The Henry Ford, Dearborn, Michigan: $248,000 to expand its current public programming and create new programs that enable guests with autism spectrum disorder and sensory processing disorder to better access the institution’s collections, daily programs, and special events.
Huntington Botanical Gardens, San Marino, California: $161,206 to develop and implement the Relevance, Access, and Diversity (RAD) Docents project to build the institution’s capacity to deliver a sustainable and consistent system of recruiting and training docents that reflects the needs of diverse audiences.
Imagination Station, Toledo, Ohio: $250,000 to implement Toledo Tinkers: Through a Child’s Eyes, a new initiative to address barriers to STEM education and promote a lifelong love of those subjects through an outreach curriculum, mobile tinkering lab, Maker Club, drop-in tinkering program for families at libraries, and a community exhibition using the work of participating children to showcase the diversity of the Toledo community and its rich history of making and tinkering.

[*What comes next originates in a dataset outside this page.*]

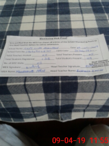 | Certified that this School was Inspected by the Undersigned MEA/DMO Today and the Information Stated Above is as Per Record. | |||||

Madison Children’s Museum, Wisconsin: $250,000 to create Downtown Backyard, a landmark park addressing critical community health needs through a climbing sculpture, toddler zone, historic log cabin, stream, secret forest, and skating rink.
Mississippi Children’s Museum, Jackson: $197,160 to complete WonderBox, a 1,500-square-foot STEAM exhibit in the museum’s existing arts gallery that will explore topics such as design, art, coding, robotics, engineering, and circuitry.
Museum of Science and Industry, Chicago: $225,782 to increase the general public’s access to its collection by creating a new online catalog accessible through the museum’s website, with curated artifact “sets” and high-resolution, 360-degree photography.
Peggy Notebaert Nature Museum, Chicago: $85,919 to digitize its herbarium, a collection of 22,000 botanic specimens, including a significant portion that documents Midwestern landscapes prior to the urban and agricultural development that destroyed much of the region’s natural flora.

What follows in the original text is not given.